**Exercise prompt:**
Excluding pictures, reproduce word for word the lines from the one containing "Vue grand angle" through the end of the material below.

**Available data:**
"""
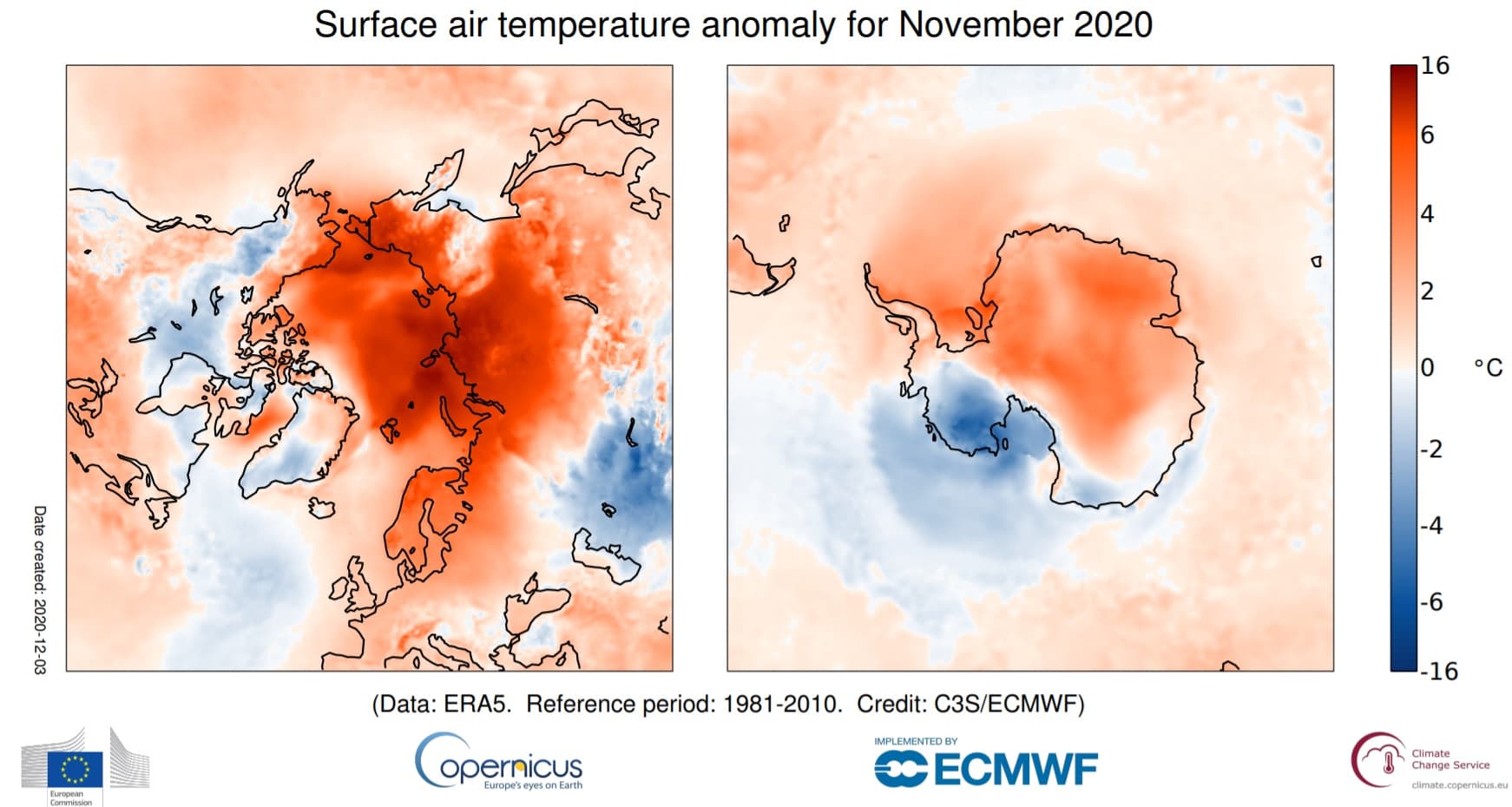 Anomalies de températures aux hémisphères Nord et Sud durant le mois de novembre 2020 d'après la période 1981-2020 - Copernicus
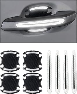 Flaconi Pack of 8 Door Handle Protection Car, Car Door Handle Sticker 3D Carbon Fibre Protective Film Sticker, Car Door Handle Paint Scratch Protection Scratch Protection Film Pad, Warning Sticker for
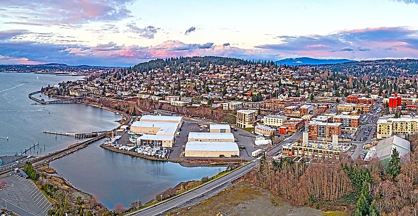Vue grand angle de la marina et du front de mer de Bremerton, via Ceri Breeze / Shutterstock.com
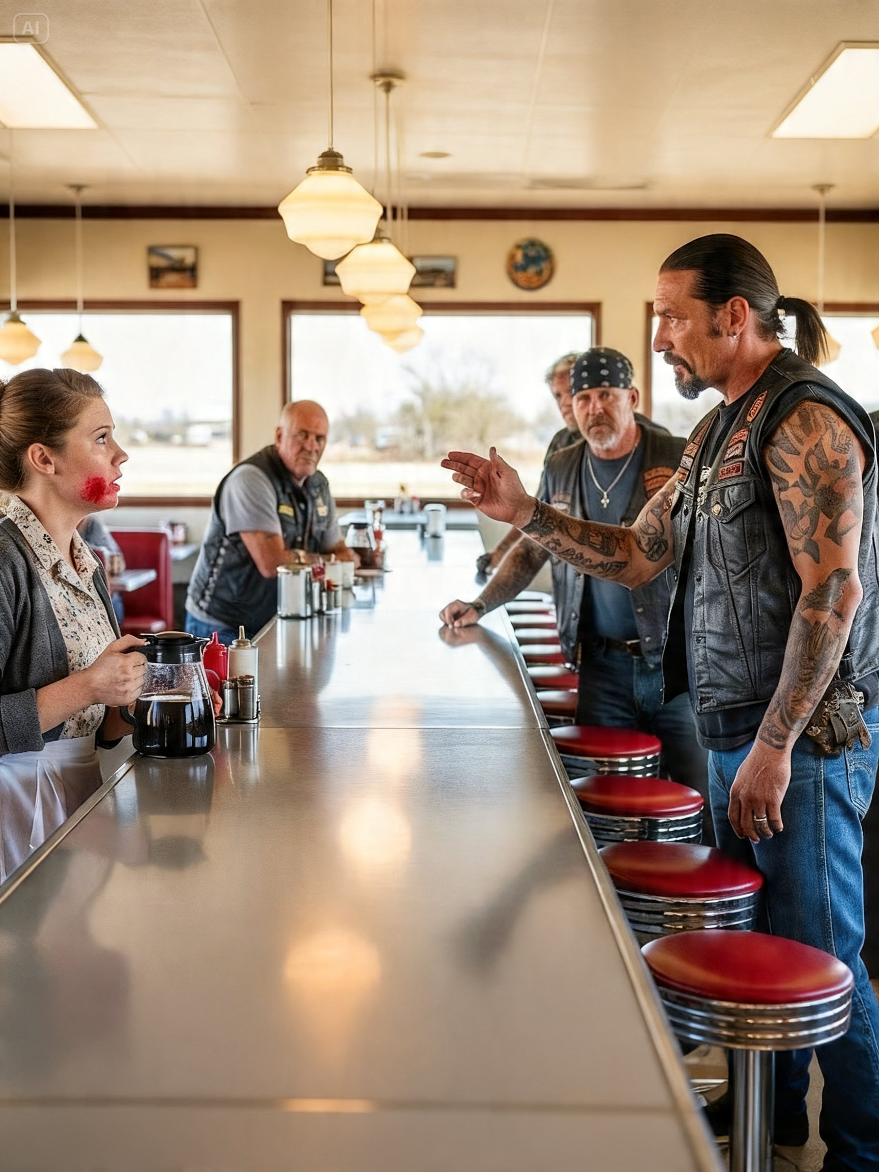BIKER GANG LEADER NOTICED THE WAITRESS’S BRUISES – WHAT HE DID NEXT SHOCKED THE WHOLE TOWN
"""
**Solved problem:**
Vue grand angle de la marina et du front de mer de Bremerton, via Ceri Breeze / Shutterstock.com
BIKER GANG LEADER NOTICED THE WAITRESS’S BRUISES – WHAT HE DID NEXT SHOCKED THE WHOLE TOWN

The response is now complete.